The Thompson submachine gun was a semi- or fully-automatic delayed blowback weapon. Known as the "Tommy Gun", the weapon was originally designed by General John Thompson for use in World War I, but prototype designs built by Auto-Ordnance Corporation were completed just as the war ended. With the military fairly uninterested in the weapon, the Thompson was marketed at the general public, and eventually became a well-known weapon for criminals in the 1920's and 1930's.
In 1938 the U.S. Army adopted the Thompson as a weapon and it was given the M1928A1 designation. A variant of the M1928 model, the M1928A1 used a horizontal foregrip instead of a vertical foregrip, and made use of box magazines instead of drum magazines. The 50-round drum magazine was prone to jamming and was not well suited to combat conditions.

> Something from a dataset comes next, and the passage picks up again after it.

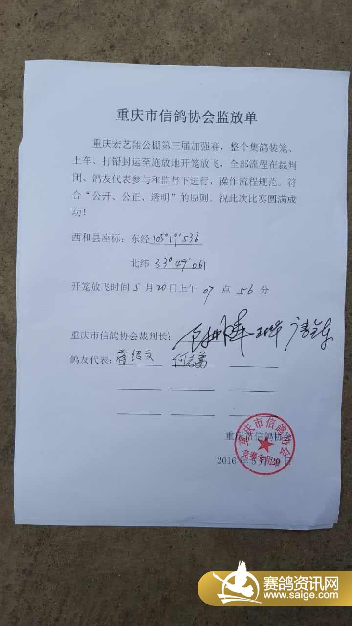 重庆宏艺翔公棚第三届加强赛,于7:56开笼,经度:105.19.536 纬度:33.49.061 空距:483公里 司放地:西和县。天气:晴。网络直播与短信同步。感谢您的关注与支持!预祝您取得好的成绩!

Updates to the weapon were made over time in order to simplify its production, and in April of 1942 the M1 model of the Thompson replaced the older M1928A1. Among the changes made were a permanently attached buttstock, and design alterations that prevented the use of the drum magazine. By October of 1942 the M1 was replaced by the M1A1, which removed the M1's firing pin and hammer and replaced it with firing pin machined into the face of the bolt. Production of the M1/M1A1 during World War II was accomplished by Auto-Ordnance Corporation and Savage Arms Company, who produced 847,991 and 539,143 copies of the weapon respectively. The Thompson was a reliable and well-respected weapon, with its major drawbacks being its significant weight and limited range.
The M1A1 was eventually replaced by the M3 submachine gun. The M3 was significantly cheaper to manufacture and went into service in 1944. Although no longer an actively supplied weapon, the Thompson would continue to serve the Army through Korea and, in limited use, Vietnam.